WORK ORDER ▸ After the line containing "Figure 4b depicts", write nothing more; before it, reproduce every line of the material below exactly, starting with the first.

MATERIAL PROVIDED ▸
________________________________________

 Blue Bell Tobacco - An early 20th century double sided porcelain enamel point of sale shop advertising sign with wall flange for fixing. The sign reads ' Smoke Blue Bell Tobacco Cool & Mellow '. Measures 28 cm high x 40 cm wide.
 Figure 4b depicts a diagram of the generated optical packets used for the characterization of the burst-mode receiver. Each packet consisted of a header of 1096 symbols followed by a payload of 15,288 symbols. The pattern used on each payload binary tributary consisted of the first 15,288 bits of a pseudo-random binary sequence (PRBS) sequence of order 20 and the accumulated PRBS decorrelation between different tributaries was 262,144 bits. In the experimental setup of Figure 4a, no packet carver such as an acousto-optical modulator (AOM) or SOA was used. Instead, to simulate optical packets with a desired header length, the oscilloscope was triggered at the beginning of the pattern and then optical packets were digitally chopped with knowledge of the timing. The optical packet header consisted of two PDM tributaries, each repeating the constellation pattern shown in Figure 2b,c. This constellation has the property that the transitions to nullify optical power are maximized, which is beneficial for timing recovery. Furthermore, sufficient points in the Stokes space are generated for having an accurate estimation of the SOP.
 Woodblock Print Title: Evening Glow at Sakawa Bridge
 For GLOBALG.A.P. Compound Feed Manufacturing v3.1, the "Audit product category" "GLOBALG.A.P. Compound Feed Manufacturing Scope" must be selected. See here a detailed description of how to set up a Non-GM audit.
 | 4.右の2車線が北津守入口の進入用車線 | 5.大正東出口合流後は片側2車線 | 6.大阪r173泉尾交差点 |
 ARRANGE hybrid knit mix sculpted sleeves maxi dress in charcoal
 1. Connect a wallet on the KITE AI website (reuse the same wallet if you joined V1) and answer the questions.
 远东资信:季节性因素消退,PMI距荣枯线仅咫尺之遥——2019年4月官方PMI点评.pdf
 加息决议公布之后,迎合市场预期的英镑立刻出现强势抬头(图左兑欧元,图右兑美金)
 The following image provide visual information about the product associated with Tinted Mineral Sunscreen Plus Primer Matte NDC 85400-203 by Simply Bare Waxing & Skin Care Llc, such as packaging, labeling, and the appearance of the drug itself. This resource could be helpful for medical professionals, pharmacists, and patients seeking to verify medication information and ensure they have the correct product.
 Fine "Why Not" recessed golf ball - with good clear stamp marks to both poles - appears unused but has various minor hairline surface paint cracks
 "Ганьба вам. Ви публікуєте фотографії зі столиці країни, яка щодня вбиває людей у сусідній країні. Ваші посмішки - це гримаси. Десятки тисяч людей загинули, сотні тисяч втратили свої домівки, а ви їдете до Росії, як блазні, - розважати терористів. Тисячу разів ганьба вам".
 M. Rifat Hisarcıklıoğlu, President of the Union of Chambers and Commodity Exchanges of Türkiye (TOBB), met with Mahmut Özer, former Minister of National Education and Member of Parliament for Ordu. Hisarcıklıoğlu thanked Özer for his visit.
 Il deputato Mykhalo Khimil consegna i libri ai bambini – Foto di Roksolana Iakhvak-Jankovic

________________________________________

RESPONSE FOR THIS EXERCISE ▸
 Blue Bell Tobacco - An early 20th century double sided porcelain enamel point of sale shop advertising sign with wall flange for fixing. The sign reads ' Smoke Blue Bell Tobacco Cool & Mellow '. Measures 28 cm high x 40 cm wide.
 Figure 4b depicts a diagram of the generated optical packets used for the characterization of the burst-mode receiver. Each packet consisted of a header of 1096 symbols followed by a payload of 15,288 symbols. The pattern used on each payload binary tributary consisted of the first 15,288 bits of a pseudo-random binary sequence (PRBS) sequence of order 20 and the accumulated PRBS decorrelation between different tributaries was 262,144 bits. In the experimental setup of Figure 4a, no packet carver such as an acousto-optical modulator (AOM) or SOA was used. Instead, to simulate optical packets with a desired header length, the oscilloscope was triggered at the beginning of the pattern and then optical packets were digitally chopped with knowledge of the timing. The optical packet header consisted of two PDM tributaries, each repeating the constellation pattern shown in Figure 2b,c. This constellation has the property that the transitions to nullify optical power are maximized, which is beneficial for timing recovery. Furthermore, sufficient points in the Stokes space are generated for having an accurate estimation of the SOP.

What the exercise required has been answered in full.